I imagine this wouldn't work so well for hard algorithmic stuff where there are mathematical properties you need to be aware of and maintain. But I find most problems I solve are more organic - people are quite resilient to fuzzy boundaries, so people-facing stuff tends to have that property too. There's a large fuzzy space of "workable solutions", so to speak, and navigating that space is kind of inevitable if you want a quality solution.

Perhaps I'm just not intelligent enough to one-shot that kind of stuff =P

MoreQARespect

>I imagine this wouldn't work so well for hard algorithmic stuff where there are mathematical properties you need to be aware of and maintain

Mathematical properties are often even more ideal candidates for being encoded into either types or property tests.

Business oriented code is usually where most people see TDD (how it is normally taught) fall down - where you need "some kind of dashboard with x, y and z" but the exact details arent precisely nailed down. However, if you can do it right these scenarios work extremely well with snapshot test driven development. Most people just dont do it or dont know how.

bubblyworld

Okay interesting, I've never heard of snapshot testing. I'll have to play with it some time.

I agree that mathematical problems are much easier to test, but I think only once you know the mathematics. Like I think it's possible that TDD fell flat for the sudoku solver because the dude just didn't know what properties he wanted. In that situation writing tests is like casting bones.

But I'm not convinced one way or the other... for me tests have always been most useful for regression and basic quality checks. Which is very useful! Means you never (hopefully anyway) take a step backwards as you evolve a program.

Noumenon72

Aren't snapshot tests regression tests? "Snapshot test driven development" to me implies that you would generate the snapshot you want (somehow) and write code until the output matched the snapshot.

omnibrain

I always use the following analogy:

I f your customer orders a feature, you implement all the code, just the button to call the feature is missing, then you delivered nothing.

If you just add the button to the program, but implement nothing else, you delivered the feature. It's just still buggy.

aleph_minus_one

> Isn't there a less-conceptual (but still conceptual) problem that correctness of software is commonly abrupt rather than continuous? You don't get a series of almost-right programs gradually approximating the right program, you have a correct program and variations on it may fail completely.
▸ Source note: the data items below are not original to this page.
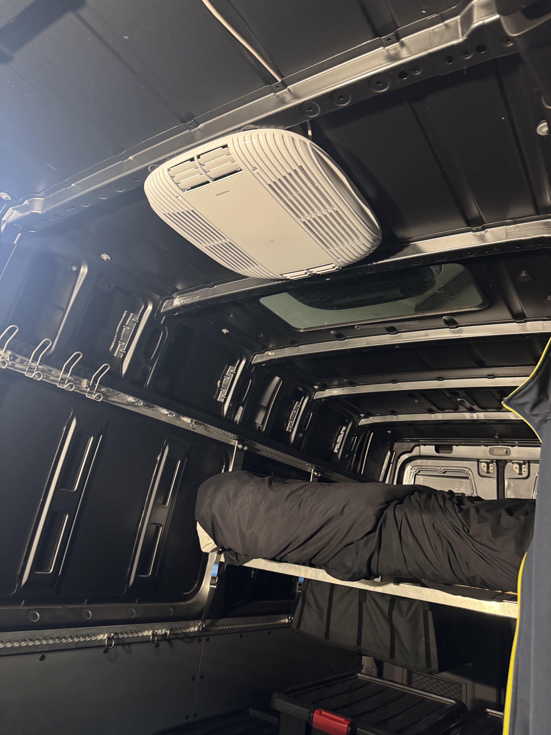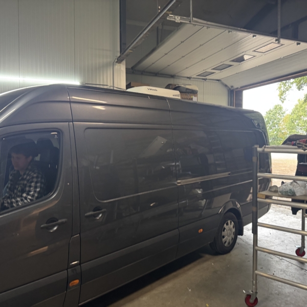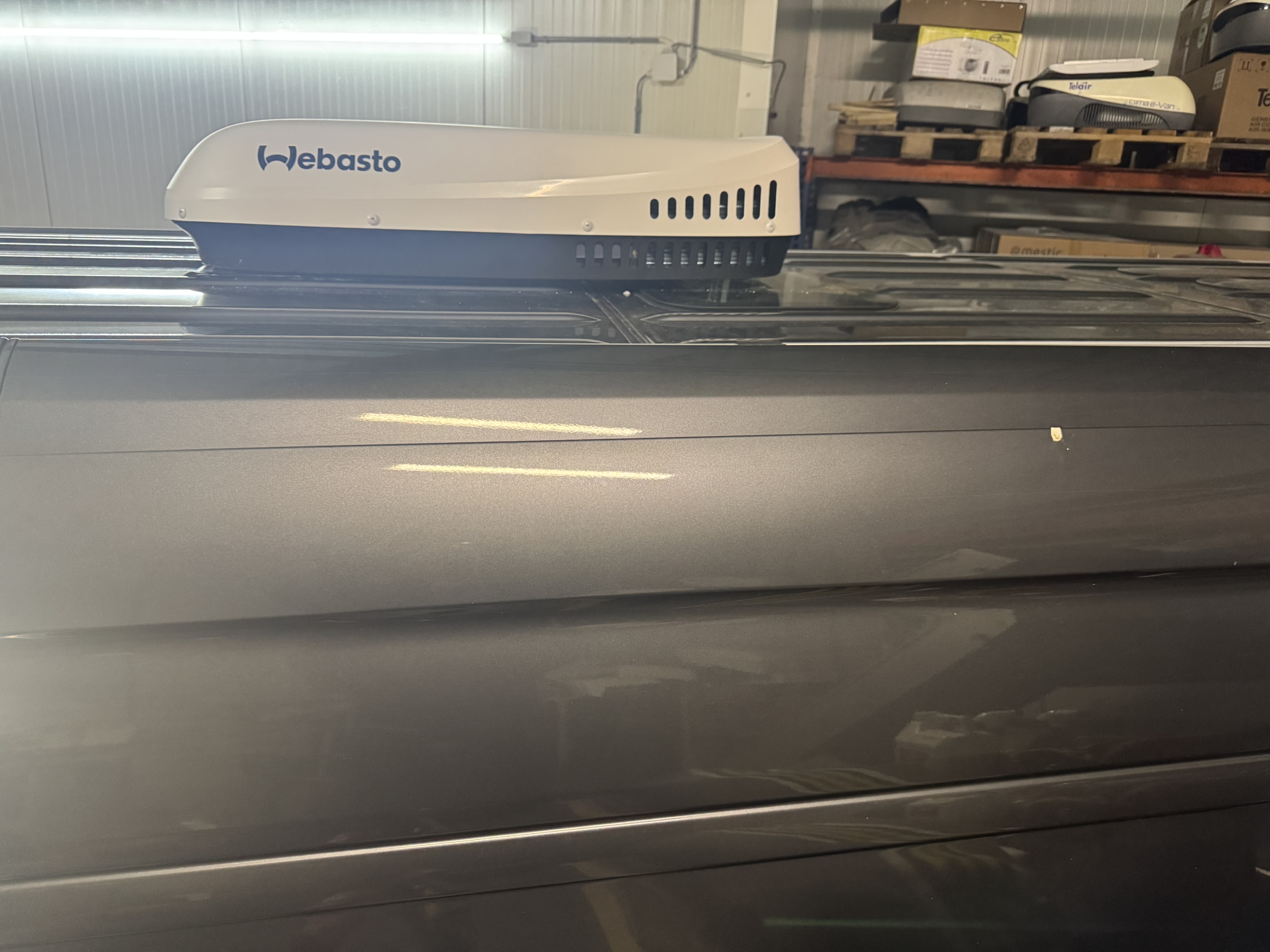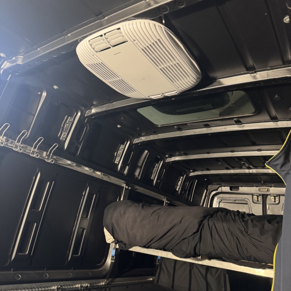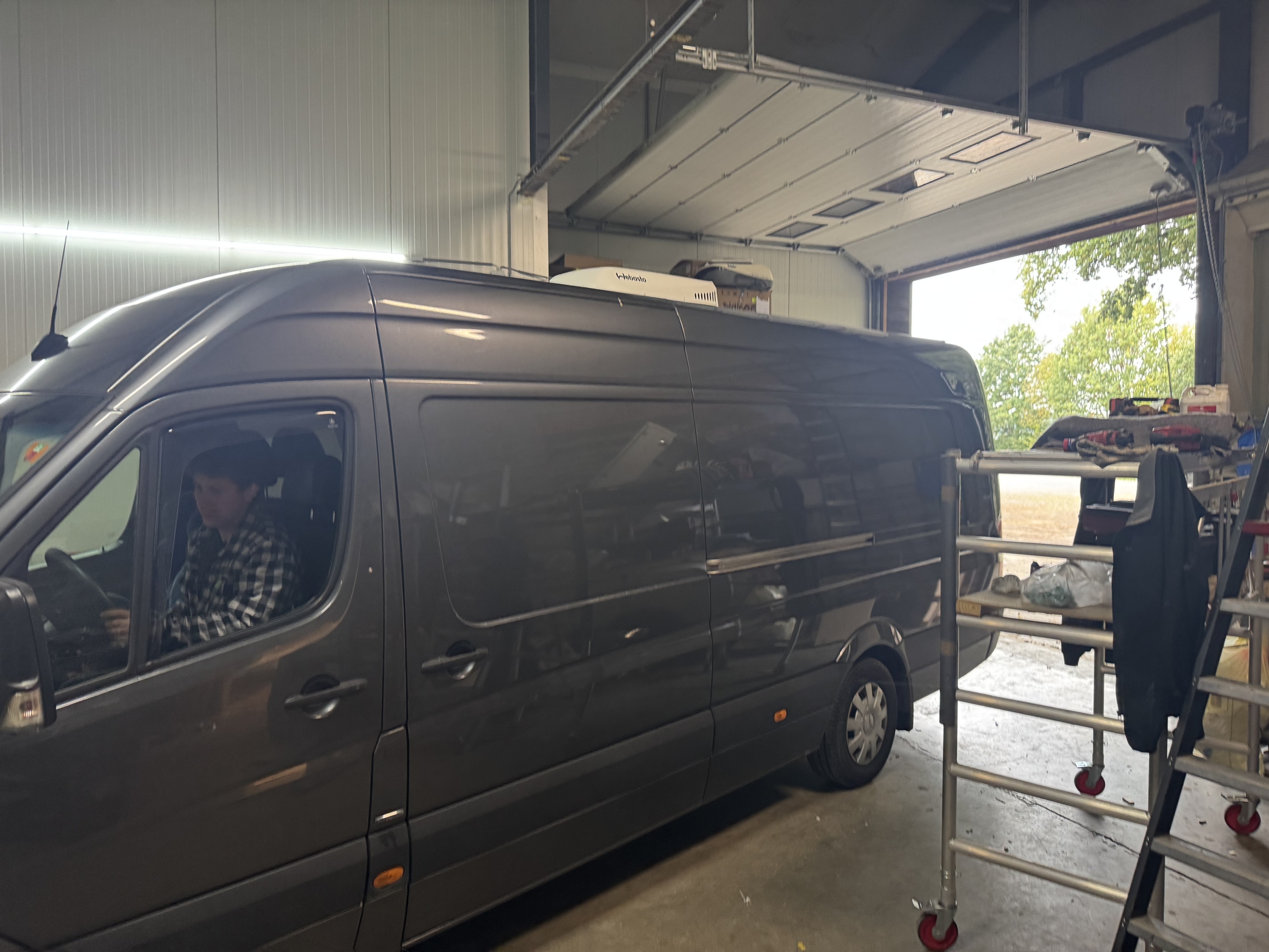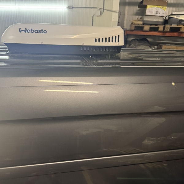 Een Webasto Cool Top Trail 24 geplaatst op een Mercedes Benz Sprinter. In het midden van de bus een nieuwe opening aangebracht.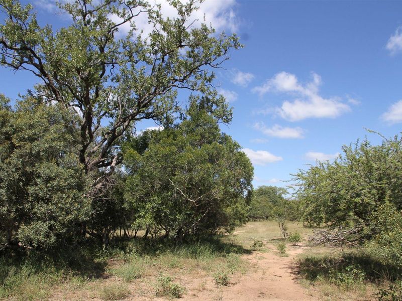Live among roaming wildlife with riverfront bushveld in northern Moditlo near Blue Canyon gate — 1.2ha stand with seasonal river frontage, mature leadwood and marula trees, flat building site.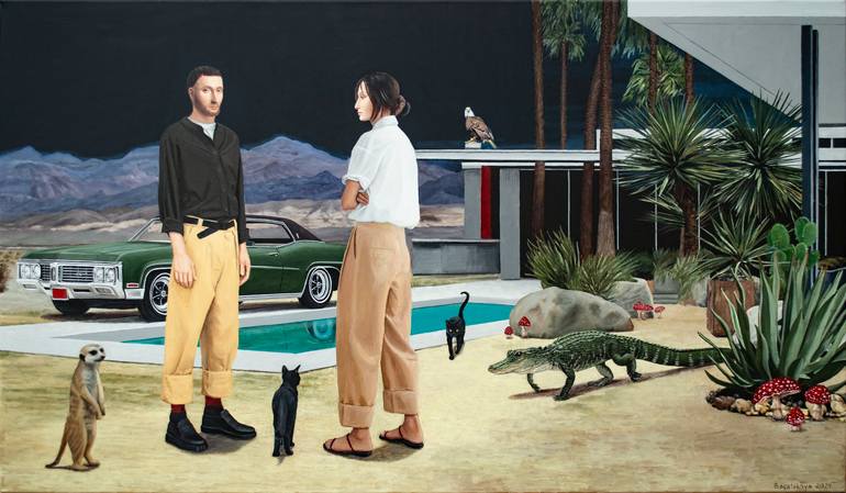 The painting conveys the idea that what we perceive as life may be an illusion, while the true reality remains hidden. At the center of the scene, a man and a woman stand by a pool, deep in thought, surrounded by animals—a meerkat, a black cat, and an alligator—that add a surreal and unpredictable q...

I consider it to be plausible that such a topology could exist (at least for many situations). The problem rather is that such a topology would likely behave very different from users' expectations.

AndrewDucker

Yes. The difference between "A program that does what you want" and "A program that crashes on startup" can be one character.

pixl97

Ya but the real fun ones are the "a program does what you want 99.993% of the time"

layer8

Working large systems overwhelmingly started out as working small systems, with working systems all in-between.

This is not an endorsement of TDD, but shows that there is a correctness path from small to large, without usually needing to take large leaps in-between, and taking such a path tends to be the most successful strategy.

rjpower9000

I was fascinated by the "Sudoku Affair", found myself speculating on the internal mindset of TDD advocates, and ended up with an unsatisfying conclusion that you can't systematize thought. Not my best writing but thought I'd share nonetheless.

gnat

I think there’s an analogy in the dumb management dream that there’s a process by which you can replace these expensive skilled workers with cheap unskilled idiots and still get great results.

Another variation: the magic process that lets you get great results from people who don’t care.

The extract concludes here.